● **WHAT TO WORK ON**:
Leave the images out, and otherwise write out each entry exactly.

● **DATASET CONTENT**:
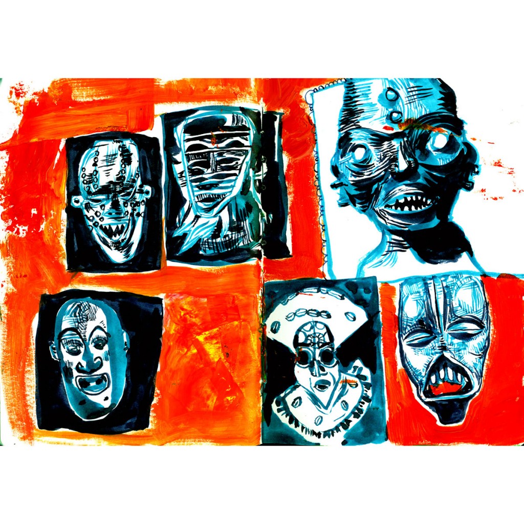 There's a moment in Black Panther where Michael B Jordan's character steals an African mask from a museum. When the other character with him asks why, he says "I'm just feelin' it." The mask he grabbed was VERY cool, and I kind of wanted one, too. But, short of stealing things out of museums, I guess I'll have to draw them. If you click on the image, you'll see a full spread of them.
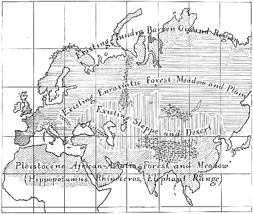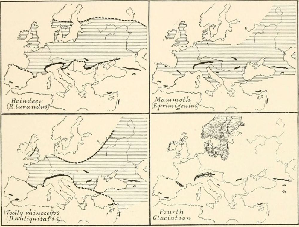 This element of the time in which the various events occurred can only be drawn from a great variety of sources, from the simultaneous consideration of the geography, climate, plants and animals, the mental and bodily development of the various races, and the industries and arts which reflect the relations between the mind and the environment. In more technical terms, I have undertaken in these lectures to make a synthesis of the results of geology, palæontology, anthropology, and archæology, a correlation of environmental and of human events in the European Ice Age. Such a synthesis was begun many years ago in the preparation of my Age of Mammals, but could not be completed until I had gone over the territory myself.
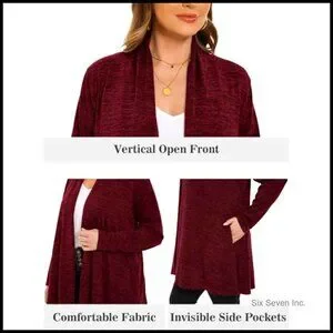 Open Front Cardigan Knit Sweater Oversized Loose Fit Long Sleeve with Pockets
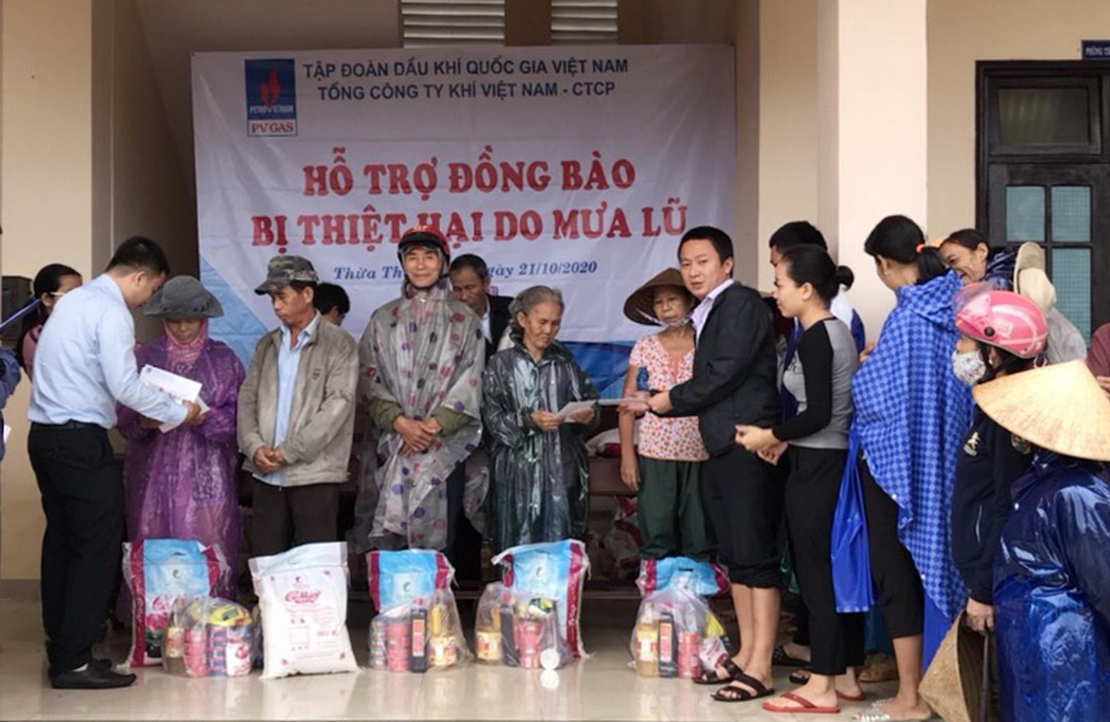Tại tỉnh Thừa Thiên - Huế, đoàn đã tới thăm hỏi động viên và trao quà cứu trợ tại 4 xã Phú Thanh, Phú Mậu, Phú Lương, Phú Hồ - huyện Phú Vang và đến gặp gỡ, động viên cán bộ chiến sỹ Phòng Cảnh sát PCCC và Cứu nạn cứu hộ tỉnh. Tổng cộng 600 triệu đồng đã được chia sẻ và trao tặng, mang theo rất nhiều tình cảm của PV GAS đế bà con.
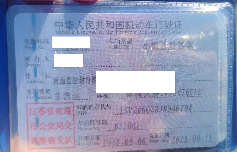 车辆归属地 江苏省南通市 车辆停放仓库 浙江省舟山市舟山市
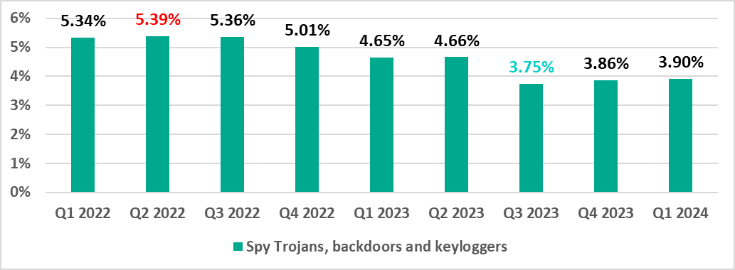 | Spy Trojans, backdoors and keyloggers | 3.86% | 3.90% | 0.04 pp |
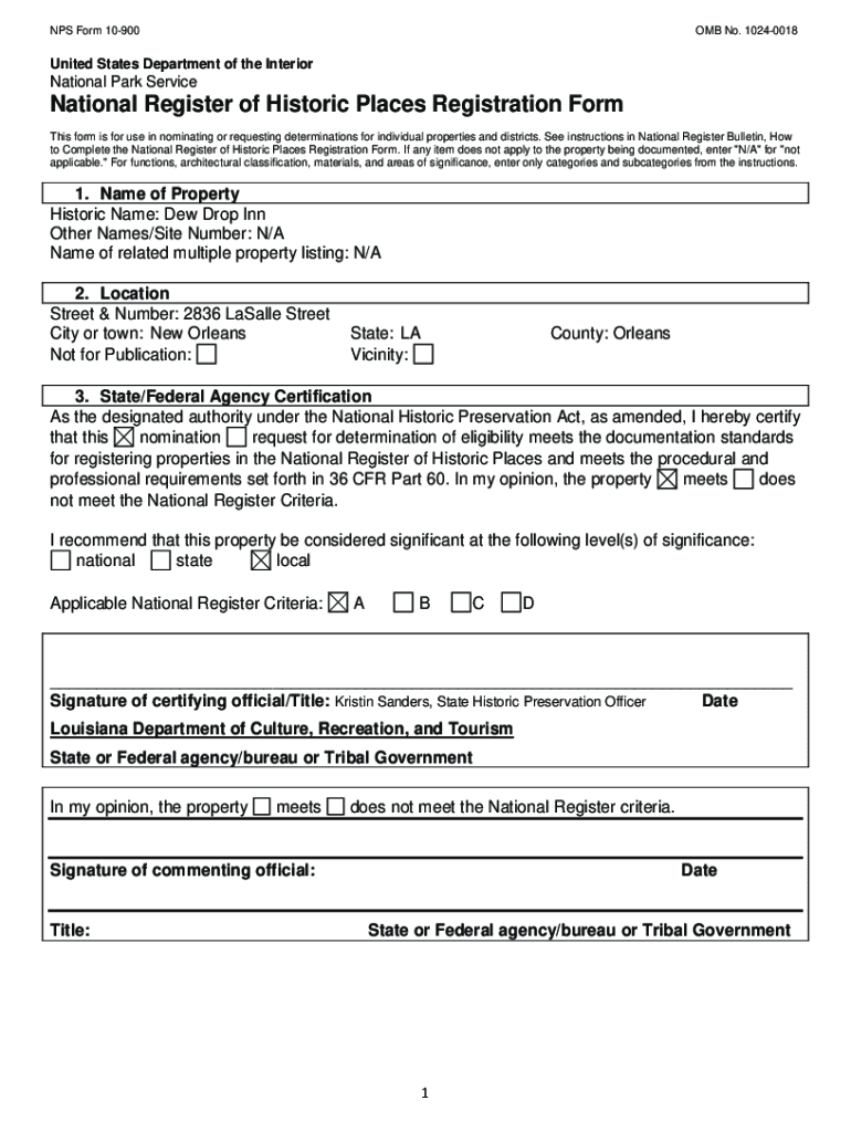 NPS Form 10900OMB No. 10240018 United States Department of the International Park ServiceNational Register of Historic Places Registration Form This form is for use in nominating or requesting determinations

● **SOLUTION FOR THIS EXERCISE**:
 There's a moment in Black Panther where Michael B Jordan's character steals an African mask from a museum. When the other character with him asks why, he says "I'm just feelin' it." The mask he grabbed was VERY cool, and I kind of wanted one, too. But, short of stealing things out of museums, I guess I'll have to draw them. If you click on the image, you'll see a full spread of them.
 This element of the time in which the various events occurred can only be drawn from a great variety of sources, from the simultaneous consideration of the geography, climate, plants and animals, the mental and bodily development of the various races, and the industries and arts which reflect the relations between the mind and the environment. In more technical terms, I have undertaken in these lectures to make a synthesis of the results of geology, palæontology, anthropology, and archæology, a correlation of environmental and of human events in the European Ice Age. Such a synthesis was begun many years ago in the preparation of my Age of Mammals, but could not be completed until I had gone over the territory myself.
 Open Front Cardigan Knit Sweater Oversized Loose Fit Long Sleeve with Pockets
Tại tỉnh Thừa Thiên - Huế, đoàn đã tới thăm hỏi động viên và trao quà cứu trợ tại 4 xã Phú Thanh, Phú Mậu, Phú Lương, Phú Hồ - huyện Phú Vang và đến gặp gỡ, động viên cán bộ chiến sỹ Phòng Cảnh sát PCCC và Cứu nạn cứu hộ tỉnh. Tổng cộng 600 triệu đồng đã được chia sẻ và trao tặng, mang theo rất nhiều tình cảm của PV GAS đế bà con.
 车辆归属地 江苏省南通市 车辆停放仓库 浙江省舟山市舟山市
 | Spy Trojans, backdoors and keyloggers | 3.86% | 3.90% | 0.04 pp |
 NPS Form 10900OMB No. 10240018 United States Department of the International Park ServiceNational Register of Historic Places Registration Form This form is for use in nominating or requesting determinations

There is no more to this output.